Это, мой дорогой сэр, не было триумфом Франции. Я должен верить, что как нацию это переполнило вас стыдом и ужасом. Я должен верить, что Национальное собрание находит себя в состоянии величайшего унижения из-за невозможности наказать авторов этого триумфа или участников в нем, и что они находятся в ситуации, в которой любое расследование, которое они могут провести по этому предмету, должно быть лишено даже видимости свободы или беспристрастности. Оправдание этого собрания находится в их ситуации; но когда мы одобряем то, что они должны терпеть, это в нас вырожденный выбор порочного ума.
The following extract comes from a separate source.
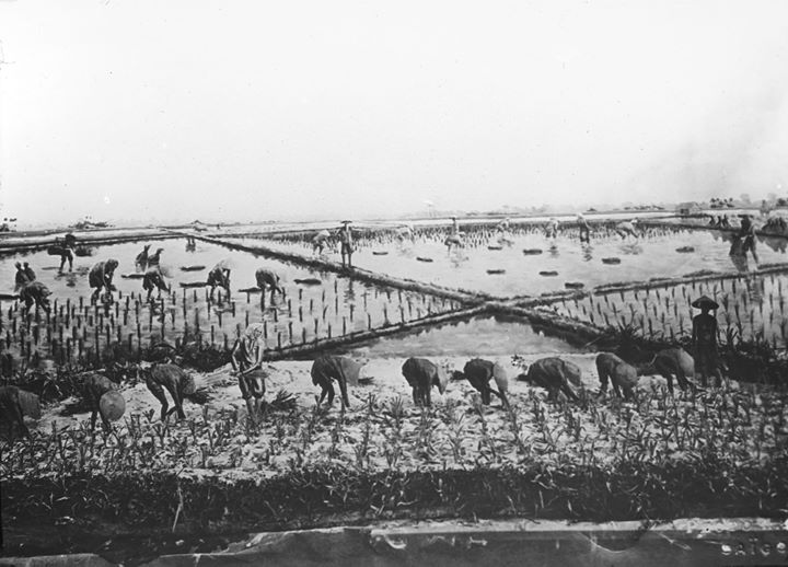 Những người Pháp và người Việt đang cấy lúa trên một phần đất xã Tân Sơn Nhứt xưa cách đây hơn 100 năm trước, tại khu vực những người đang đứng ngày nay chính là phi trường Tân Sơn Nhứt mà người Pháp lấy đất để xây dựng.

С вынужденной видимостью обсуждения они голосуют под властью суровой необходимости. Они сидят в сердце, так сказать, иностранной республики: они имеют свое местопребывание в городе, чья конституция не исходит ни из хартии их короля, ни из их законодательной власти. Там они окружены армией, не поднятой ни авторитетом их короны, ни их командованием, и которая, если бы они приказали ей распуститься, мгновенно распустила бы их. Там они сидят, после того как банда убийц разогнала несколько сотен членов; в то время как те, кто придерживался тех же умеренных принципов, с большим терпением или лучшей надеждой, продолжали каждый день подвергаться возмутительным оскорблениям и смертельным угрозам. Там большинство, иногда реальное, иногда притворное, само плененное, заставляет плененного короля издавать как королевские указы, из третьих рук, загрязненную бессмыслицу их самых распущенных и легкомысленных кофеен. Известно, что все их меры решаются до того, как они обсуждаются. Вне сомнения, под террором штыка, и фонаря, и факела к их домам, они обязаны принимать все сырые и отчаянные меры, предложенные клубами, состоящими из чудовищной смеси всех условий, языков и наций. Среди них встречаются лица, по сравнению с которыми Катилина показался бы щепетильным, а Цетег — человеком трезвости и умеренности. И не только в этих клубах общественные меры деформируются в монстров. Они проходят предварительное искажение в академиях, предназначенных как своего рода семинарии для этих клубов, которые созданы во всех местах общественного пользования. В этих собраниях всех видов каждый совет, в той мере, в какой он дерзок, насильственен и вероломен, принимается за признак превосходного гения. Человечность и сострадание высмеиваются как плоды суеверия и невежества. Нежность к индивидам считается изменой обществу. Свобода всегда должна оцениваться как совершенная, поскольку собственность становится небезопасной. Среди убийств, массовых убийств и конфискаций, совершенных или задуманных, они формируют планы для доброго порядка будущего общества. Обнимая в своих руках туши низких преступников и продвигая их родственников по титулу их преступлений, они толкают сотни добродетельных людей к тому же концу, заставляя их существовать нищенством или преступлением.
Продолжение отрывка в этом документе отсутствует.